В глубине двора, заваленного бумажными рулонами, пятиэтажный кирпичный корпус. Поднимаемся по лестнице с простыми железными перилами. На втором этаже находится редакция «Известий». Этажом выше — «Правды». Поднявшись на третий этаж, я с понятным волнением открываю дверь в редакцию. Далее — очень просторный прямой коридор, в который с обеих сторон симметрично выходят стеклянные двери кабинетов и отделов газеты. В коридоре царит оживление: это место встреч, летучих бесед, деловых и неделовых разговоров. В кабинетах более тихая и сосредоточенная обстановка: там идет работа.
Именно в коридоре, а не в кабинете я и увидел редактора «Правды» Николая Ивановича Бухарина, одного из виднейших теоретиков партии, автора книги «Азбука коммунизма» и, по выражению Ленина, любимца партии. На Бухарине была синяя сатиновая рубашка с черным галстуком, на ногах домашние туфли. Пробормотав какие-то слова, смысла которых ни он, ни я сам не поняли, я протянул ему свой рисунок.
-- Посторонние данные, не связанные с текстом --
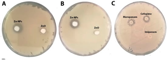 (A) Zone of inhibition of ZnO-NPs against Klebsiella pneumoniae (ATCC 700603) at concentrations of 7.5 mg/mL. (B) Zone of inhibition of ZnO-NPs against KPC at concentrations of 7.5 mg/mL. (C) Zone of inhibition of cefepime, meropenem and imipenem discs against KPC.
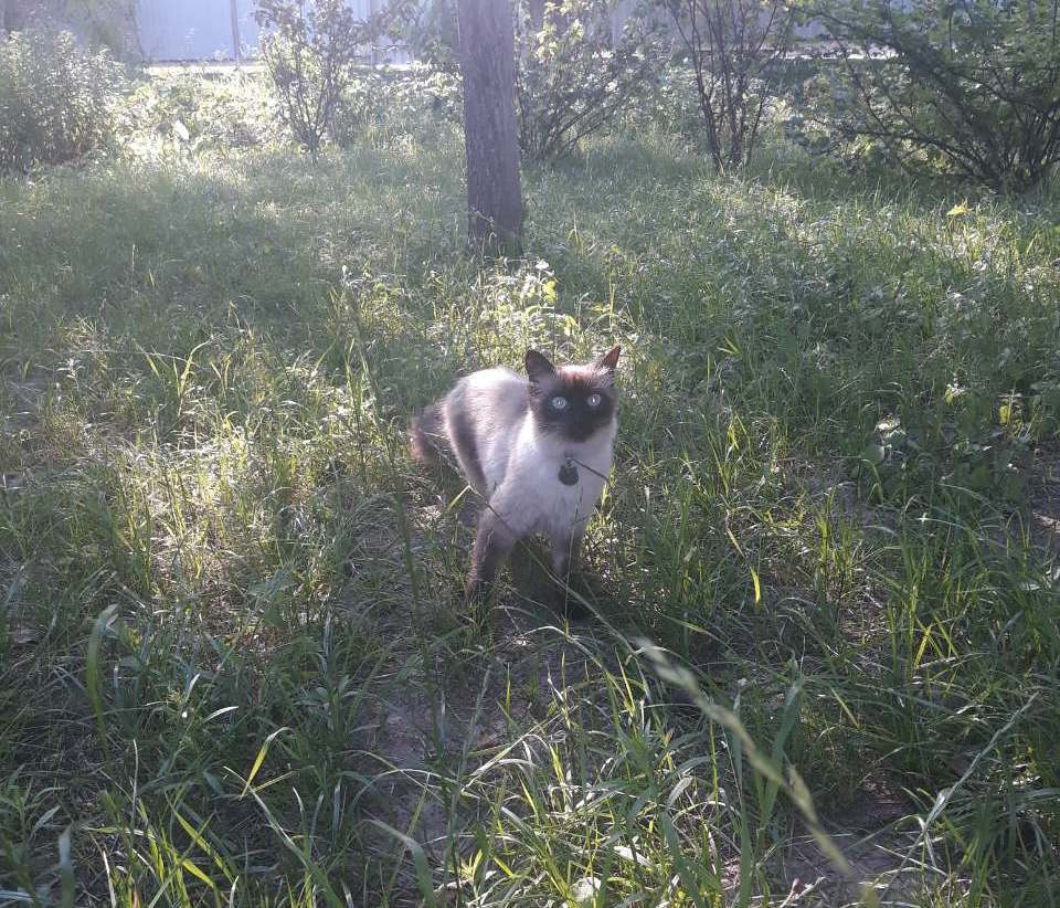 Кошки живут дома, ходят в лоток, привиты, стерилизованы, у каждой ветеринарный паспорт. И так как у нас частный дом, они гуляют по двору час- два. Сиамскую кошку звали Ника. Она носила ошейник и медальон с нашими контактами. Она была полноценным членом нашей семьи, и ее потеря стала для нас сильным ударом.

— Что ж, — сказал он. — Пожалуй, недурно… Мария Ильинична, — обратился он вдруг к женщине, которая в этот момент вышла из стеклянной двери с надписью «Секретариат», — посмотрите-ка эту штукенцию.
У женщины было серьезное широкоскулое лицо, светлые внимательные глаза. Гладко причесанная голова чуть-чуть наклонена набок. Мария Ильинична взяла в руки мой рисунок, но в эту секунду из секретариата выглянула молоденькая смуглая девушка с криком:
— Мария Ильинична! Верхний!
Мария Ильинична торопливо вернулась обратно, унося с собой мой рисунок, и я видел сквозь открытую дверь, как она взяла трубку висевшего на стене деревянного телефона, и услышал ее голос:
— Это ты, Володя?
Бухарин тоже вошел в секретариат, и дверь закрылась. Впоследствии мне еще не раз придется бывать в «Правде», не раз показывать Марии Ильиничне свои рисунки и выслушивать ее мнение, не раз буду я заходить в секретариат и беседовать с Соней Виноградской (так звали смуглую девушку, секретаря Ульяновой). Я узнаю, что возглас «верхний!» обозначает звонок аппарата так называемого Верхнего коммутатора Кремля, соединяющего редакцию «Правды» с кабинетом и квартирой Ленина.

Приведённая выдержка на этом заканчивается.